And, of course, how to think critically about those languages—both their conditions and their consequences.
I’ve been thinking about the task of teaching critical literacy as I prepare the syllabi and lectures for my final semester at the University of Notre Dame.
Lately, I’ve been struck by the way mainstream economics is usually taught as a choice between markets and policy. Whenever a problem comes up—say, inequality or climate change—one group of mainstream economists offers the market as a solution, while the other group suggests that markets aren’t enough and need to be supplemented by government policies. Thus, for example, conservative, market-oriented economists teach students that, with free markets, everybody gets what they deserve (so inequality isn’t really a problem) and greenhouse gas emissions will decline over time (by imposing a tax on the burning of carbon-based fuels). Liberal economists generally argue that market outcomes are inadequate and require additional policies—for example, minimum-wage laws (to lower inequality) and stringent regulations on carbon emissions (because allowing the market to work through carbon taxes, or even cap-and-trade schemes, won’t achieve the necessary reductions to avoid global warming).*
That’s the way mainstream economists frame the issues for students—and, for that matter, for the general public. Markets or policies. Either rely on markets or implement new policies. Once someone learns the language, they see the world in a particular way, and they’re permitted to participate in the debate on those terms.
The problem is, something crucial is being left out of those languages, and thus the economic and political debate: institutions. The existing set of institutions are taken as given. Therefore, the possibility of changing existing institutions or creating new institutions to solve economic and social problems is simply taken off the table.

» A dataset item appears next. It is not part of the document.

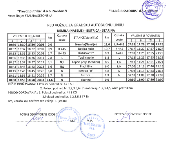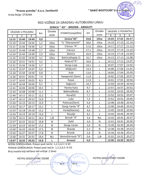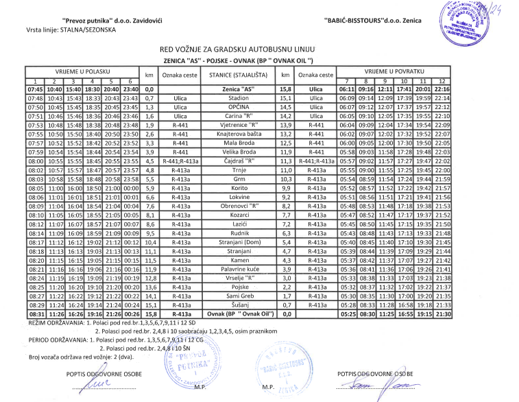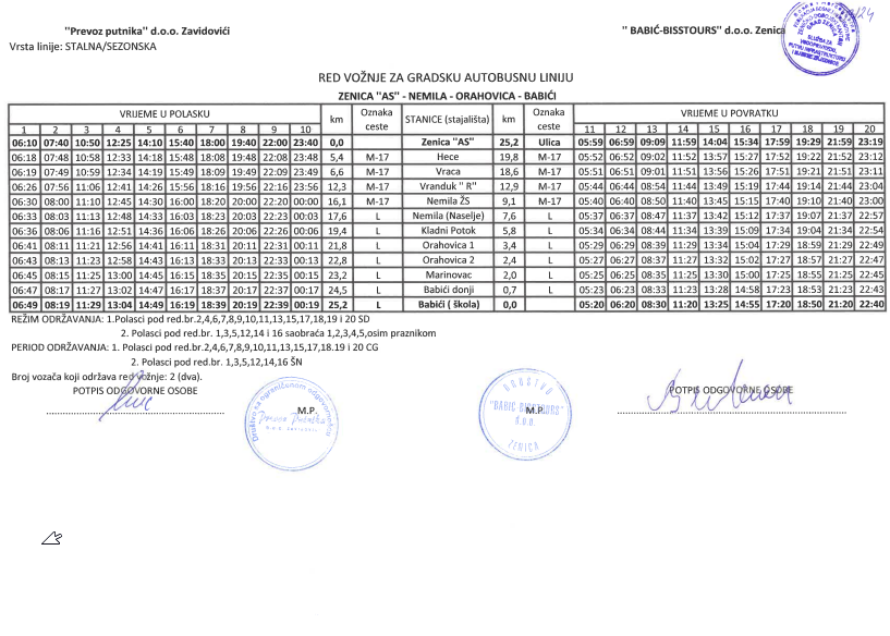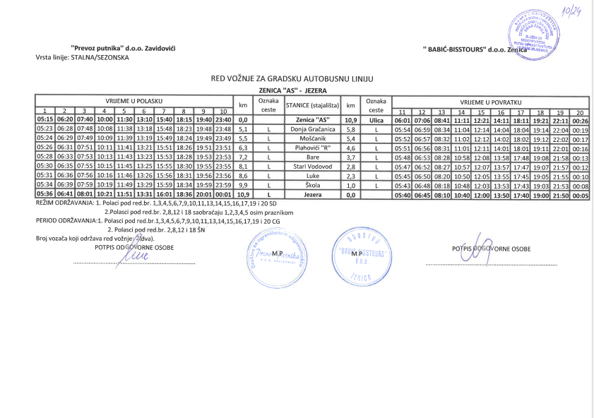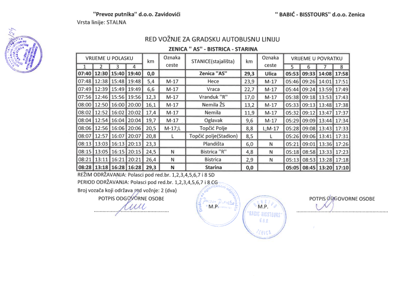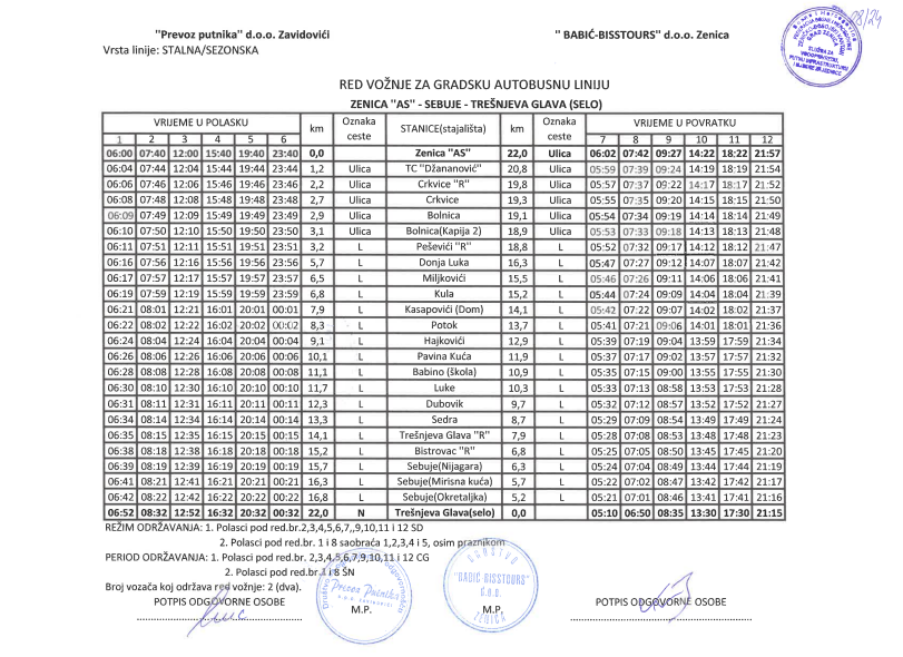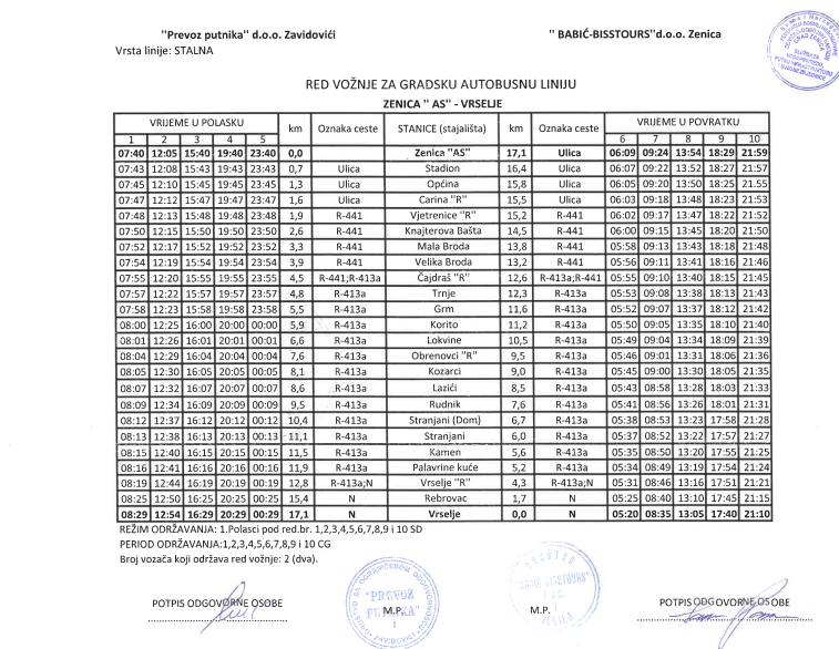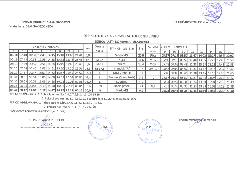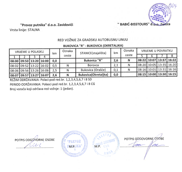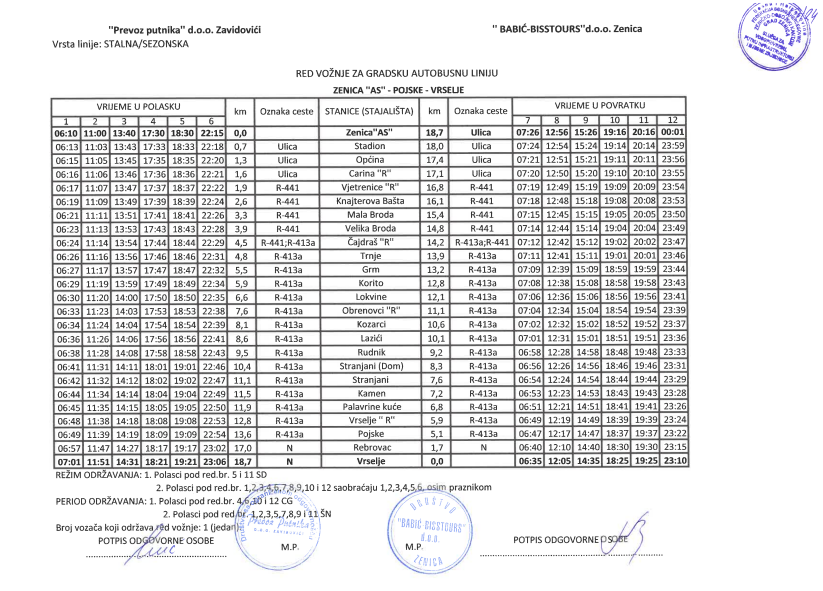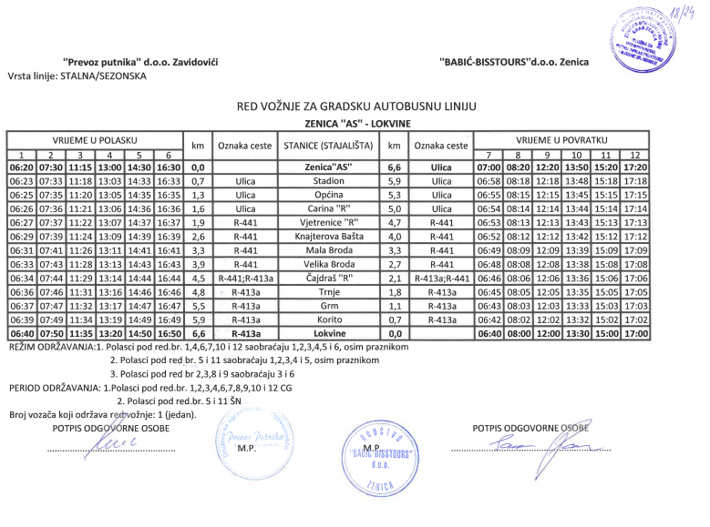 Obavještavamo vas da će od 1. jula 2024. godine stupiti na snagu novi registar redova vožnje za gradski prijevoz u Zenici, u skladu s Ugovorom o povjeravanju obavljanja djelatnosti gradskog prijevoza između Grada Zenica i konzorcija Prevoza putnika d.o.o. Zavidovići – Biss-tours Zenica. Služba za vodoprivredu, putnu infrastrukturu i mjesne zajednice ovjerila je redove vožnje na period od 3 godine, kako je definisano Rješenjem o utvrđivanju Mreže linija gradskog prijevoza.

Among those institutions, perhaps the key one is the corporation. The presumption within mainstream economics is that privately owned, publicly traded corporations are simply there, allowed to operate freely within markets or nudged in a better direction by government policies. What mainstream economists never encourage students (or, again the general public) to consider is the possibility that institutions—especially the corporation—might be modified or radically transformed to create the foundation for a different kind of economy.

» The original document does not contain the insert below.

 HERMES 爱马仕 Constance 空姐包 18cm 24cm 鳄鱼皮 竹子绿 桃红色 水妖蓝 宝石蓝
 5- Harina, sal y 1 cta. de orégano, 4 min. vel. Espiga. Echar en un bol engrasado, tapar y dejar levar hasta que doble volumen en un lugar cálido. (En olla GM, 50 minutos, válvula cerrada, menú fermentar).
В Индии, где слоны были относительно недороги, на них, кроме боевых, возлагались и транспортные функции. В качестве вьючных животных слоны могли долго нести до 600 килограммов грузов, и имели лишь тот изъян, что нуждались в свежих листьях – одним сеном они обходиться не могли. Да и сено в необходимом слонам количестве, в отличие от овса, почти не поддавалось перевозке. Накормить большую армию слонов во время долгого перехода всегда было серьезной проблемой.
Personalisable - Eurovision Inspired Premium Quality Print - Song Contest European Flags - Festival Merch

Consider how strange that is. Corporations are the central institution when it comes to the distribution of income and therefore the obscene, and still-growing, levels of inequality in the U.S. and world economies. It’s how most workers are paid (because that’s where jobs are available) and where the surplus is first appropriated (by the boards of directors) and then distributed (to shareholders and others). And as workers’ wages stagnate, and the surplus grows, economic inequality becomes worse and worse.
The same is true with climate change. The major institution involved in producing and using fossil fuels—and therefore creating the conditions for global warming—is the corporation. Especially gigantic multinational corporations. Some make profits by extracting fossil fuels; others use those fuels to produce commodities and to transport them around the world. They are the basis of the fossil-fuel-intensive Capitalocene.

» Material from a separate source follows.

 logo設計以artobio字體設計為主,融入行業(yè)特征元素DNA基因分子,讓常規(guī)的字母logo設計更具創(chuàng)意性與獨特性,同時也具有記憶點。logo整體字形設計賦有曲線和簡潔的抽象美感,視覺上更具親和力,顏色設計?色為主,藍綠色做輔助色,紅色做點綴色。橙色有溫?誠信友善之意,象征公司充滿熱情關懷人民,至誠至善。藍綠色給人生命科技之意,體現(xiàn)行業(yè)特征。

Within the language of mainstream economists, the corporation is always-already there. They may allow for different kinds of markets and different kinds of policies but never for an alternative to the institution of the corporation —whether a different kind of corporation or a non-corporate way of organizing economic and social life.
If the goal of teaching economic is critical literacy, then we have to teach students the multiple languages of economics—including the possibilities that are foreclosed by some languages and opened up by other languages. One of our tasks, then, is to look beyond the language of markets and policy and to expose students to a language of changing institutions.
Now that I begin to look back on my decades of teaching economics, I guess that’s what I’ve been doing the entire time, exploring and promoting critical literacy. I’ve always been clear about teaching the language of mainstream economists. But I haven’t stopped there. I’ve always taught students other languages, other ways of making sense of the world around them.
Maybe some of them have left knowing that it’s not just a question of markets or policy. Economic institutions are important, too.
To complicate matters a bit further, the three elements I’ve focused on in this blog post—markets, policy, and institutions—are not mutually exclusive. Thus, for example, at least some conservative mainstream economists do understand that properly functioning markets do presume certain institutions (such as the rule of law and the protection of private property) and policies (especially not regulating markets), while liberals often advocate policies that allow markets to operate with better outcomes (I’m thinking, in particular, of antitrust legislation) and institutions to be safeguarded (especially when they might be threatened by grotesque levels of inequality and the effects of climate change). As for institutions, I can well imagine noncorporate enterprises (for example, worker cooperatives) operating within markets and relying on government policy. However, such enterprises imply the existence of markets and policies that differ markedly from those that are taken for granted by mainstream economists.
*Dani Rodrik summarizes the terms of the debate well in a recent column: when a local factory closes because a firm has decided to outsource production,
Economists’ usual answer is to call for “greater labor market flexibility”: workers should simply leave depressed areas and seek jobs elsewhere. . .
Alternatively, economists might recommend compensating the losers from economic change, through social transfers and other benefits.
Once again, it’s a question of markets (in this case, the labor market) and policy (more generous social transfers to the “losers”).